Imagine my surprise when told by a reporter that it was illegal to be a hospital commissioner and hospital employee at the same time. Six years ago (Nov., 2005) I talked to the Atty General’s office and the Auditor’s office and was assured that there was no problem serving as a commissioner and being an employee of the hospital at the same time. “There is no reason that an employee nurse can’t be a commissioner.” So, I threw my hat in the ring.
In that election there were about 7000 votes cast and I lost by about 100. Had I changed the mind of 51 voters I’d have been on the hospital board. Pretty close, but nevertheless still a loss. OK, it’s the American way. As far as I know I was the only hospital employee in the state that was running for a commissioner’s seat.
Well, it must have caused quite a stir in some quarters because just a few weeks later, in Feb., 2006, Dick Goldsmith (http://www.gsblaw.com/professionals/richard_j_goldsmith/), from The Association of Washington Public Hospital Districts (http://www.awphd.org/) went to the legislature to lobby them to make this terribly dangerous practice ILLEGAL!
I’ll let you read the stuff for yourself.
This guy got paid money (that came from public hospital districts?) to snow the legislature with sophomoric arguments that totally ignore the fact that there is already conflict of interest language in Districts’ bylaws.
Let me comment on an excerpt from the info supplied.
“Testimony For: A public hospital district's administrator is responsible for the district's day to day activities. By law, the commissioners appoint and terminate the administrator. It is not in the public interest for an employee to be a commissioner because this could undermine public confidence in the board's objectivity.”
· Where is the evidence of such a claim? It could also be argued that the public could have more confidence in a board that knows first hand what is going on in the hospital.
“Due to a perceived or real conflict of interest, an employee commissioner may need to excuse him or herself from voting, and this could lead to a stalemate on important decisions.”

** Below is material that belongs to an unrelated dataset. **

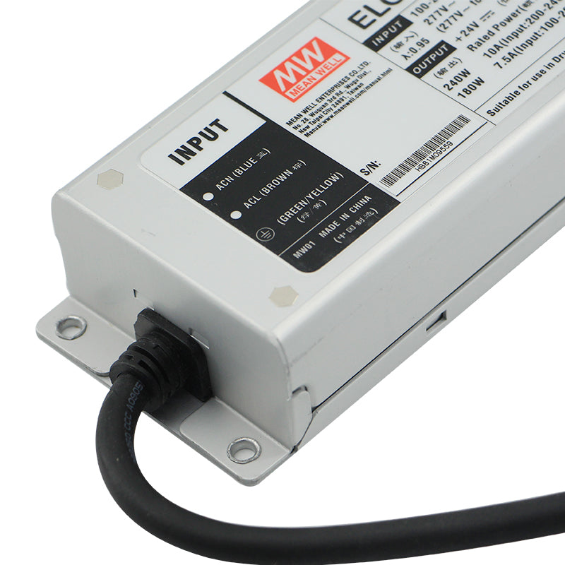 The Mean Well ELG-240-24A-3Y is a high-capacity, professional-grade constant voltage LED driver engineered to deliver a powerful and stable 24VDC output for the most demanding large-scale lighting installations. Featuring advanced 3-in-1 dimming compatibility (0-10V, PWM, and Resistance), it provides ultimate control flexibility for smooth, flicker-free dimming from 100% down to off, making it perfect for sophisticated architectural projects, tunable white systems, high-end retail environments, and large-scale event lighting. Encased in a rugged IP67-rated waterproof and dustproof enclosure, this driver is built to withstand the harshest indoor and outdoor environments, ensuring uninterrupted performance. It offers exceptional efficiency (up to 94%), active Power Factor Correction (PF>0.95) for energy savings, and comprehensive protection against short-circuit, overload, over-voltage, and over-temperature. Fully compliant with Class 2/SELV safety standards, the ELG-240-24A-3Y is the premier power solution for high-current 24V LED applications—such as extensive linear runs, high-density module arrays, and large-format fixtures—that require immense power, versatile dimming, and industrial-grade durability.
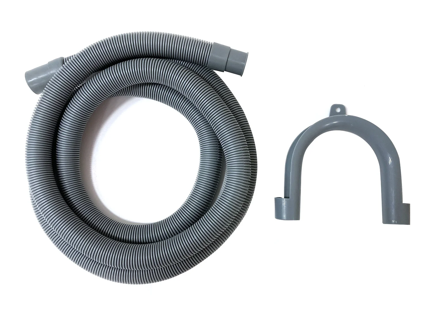 Wąż przeznaczony do odprowadzania wody z pralki lub zmywarki. Wytrzymały i elastyczny, wykonany z tworzywa sztucznego w kolorze szarym, karbowany.

· Oh Please! The districts’ bylaws all have language that addresses conflict of interest. Following Mr. Goldsmith’s logic, absolutely nobody with the slightest possibility of needing to recuse himself should be on a hospital board at all, but if two people recuse themselves everything will be A-OK because we are now back down to an odd number of voters etc. etc. I could go on and on, but you get my drift.
“Washington law limits an employee from serving as a commissioner of a flood district or sewer district, among others.”
· I can’t speak to the issues attendant to other types of districts, but what does any of that have to do with hospital districts? We could just as easily point out that in the entire history of the state there has not been a problem allowing hospital district employees to serve as commissioners. Other states allow employees to serve as commissioners therefore Washington should too.
“There should not be a problem finding non-employees to run for commissioner positions.”
· Since when is it in the interest of the legislature to concern themselves as to whether or not there are enough non-employees to run? Isn’t the idea of freedom and democracy to allow the VOTERS to decide whom they wish to have represent them?
This whole thing reeks of the abuse of power and position. You will notice that nobody spoke against this proposal. Why not? I’m 99.9% sure this whole thing was catalyzed by my near victory but did anybody contact me for my input? No. Did anybody contact Nursing or MD organizations? Probably – but by means of some obscure legal notice that was sure to be overlooked. This thing is not well thought through at all. As a conscientious employee I resent being unable to keep my job and serve as a commissioner at the same time. As a voter I resent the idea that the electorate needs to be babysat and “protected from making a bad decision” by lobbyists and legislators who are oh so much more intelligent than we are. Year after year polls show Nursing winning out as the “most trusted profession,” caring for the most vulnerable members of our community and yet we nurses along with MD’s and other employees can’t be relied upon to be professional and trustworthy enough to be hospital commissioners?
To our supporters and donors: this has become much bigger than just a local election. We nurses are even more determined now to win the elections for all three vacant seats on the board. On behalf of patients throughout the state we want to send a message to Olympia and to the special interests that it's not a good idea to jeopardize the well being of patients by forbidding the most knowledgeable and competent candidates from running.